I don’t know if it is all in my head or what, but I seem to have more trouble falling asleep when the moon is full. Maybe that was just a superstitious thing planted in my mind by who knows what – nonetheless, I’m up again tonight.
So many things rattling around in my brain. All the details of setting up and configuring hardware for a new season – ugh, I still see the computer images when I close my eyes. Today’s work was particularly frustrating because I had to “redo” several times.
Feeling very heavy tonight – situations, circumstances, etc concerned about. Really needing to know God’s voice – too much noise blaring making it difficult to hear that still, small voice. Need to find a quiet place – like a chair on the beach, ocean sounds – about sundown. Yeah, that would do it. I AM headed for Orlando next week, but there won’t be any quiet beach scenes there. Just more work, seminars on tax stuff (don’t you ALL wish you could go?), things like that.
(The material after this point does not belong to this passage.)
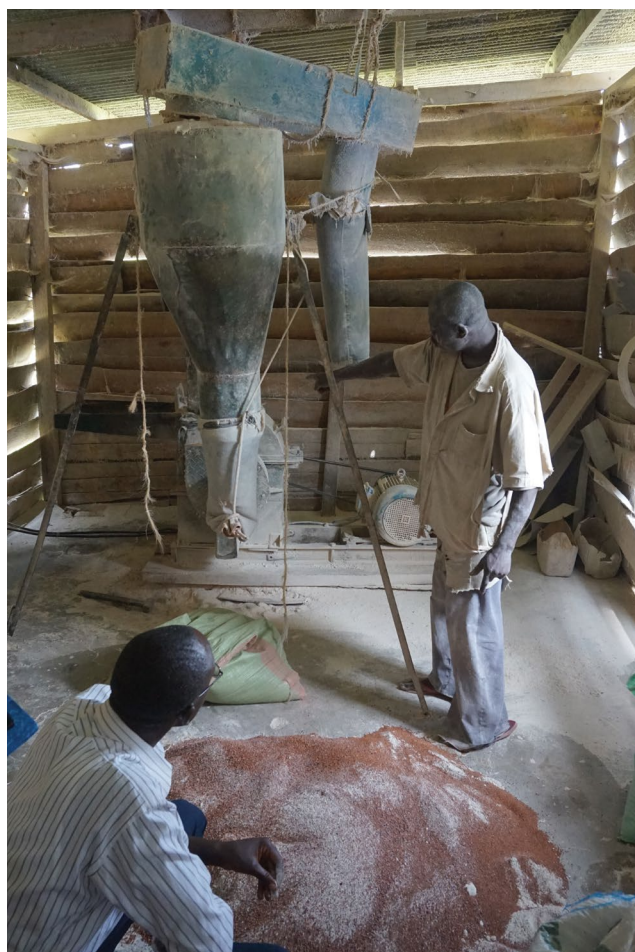
A small and medium-sized food processor in Fort Portal, Uganda

Much primary processing in low- and middle-income countries (such as milling cereals, butchering animals, drying vegetables, extracting vegetable oils and smoking fish) is done by informal or unregistered SMEs: 80% in sub-Saharan Africa (Diao et al. 2018) and 98% in India (Ministry of External Affairs, Government of India 2020). These enterprises are often situated in towns and villages in rural areas. They are important mechanisms for developing domestic agricultural markets, as well as drivers of rural economic diversification and a major source of rural employment. However, some sectors (such as milk pasteurisation) are typically more concentrated and dominated by formal industries. The same can be said of ultra-processed food and drink, so critical in driving the 'nutrition transition' 2 and marketed in low-income communities through 'base of pyramid' strategies via informal vendors.

There is one fun night in the plan – Sea World, just us and tables full of food. We will have a limited number of attractions, but still it ought to be fun. Wondering what the weather will be like. One year, it was so cold I nearly froze my tail off and had to buy a coat while I was there. The next time, it was nice and we wore short sleeves–guess I’ll try to plan for both.
Wish I could think of more interesting stuff to say, just not up to it. I think I’ll try to sleep again.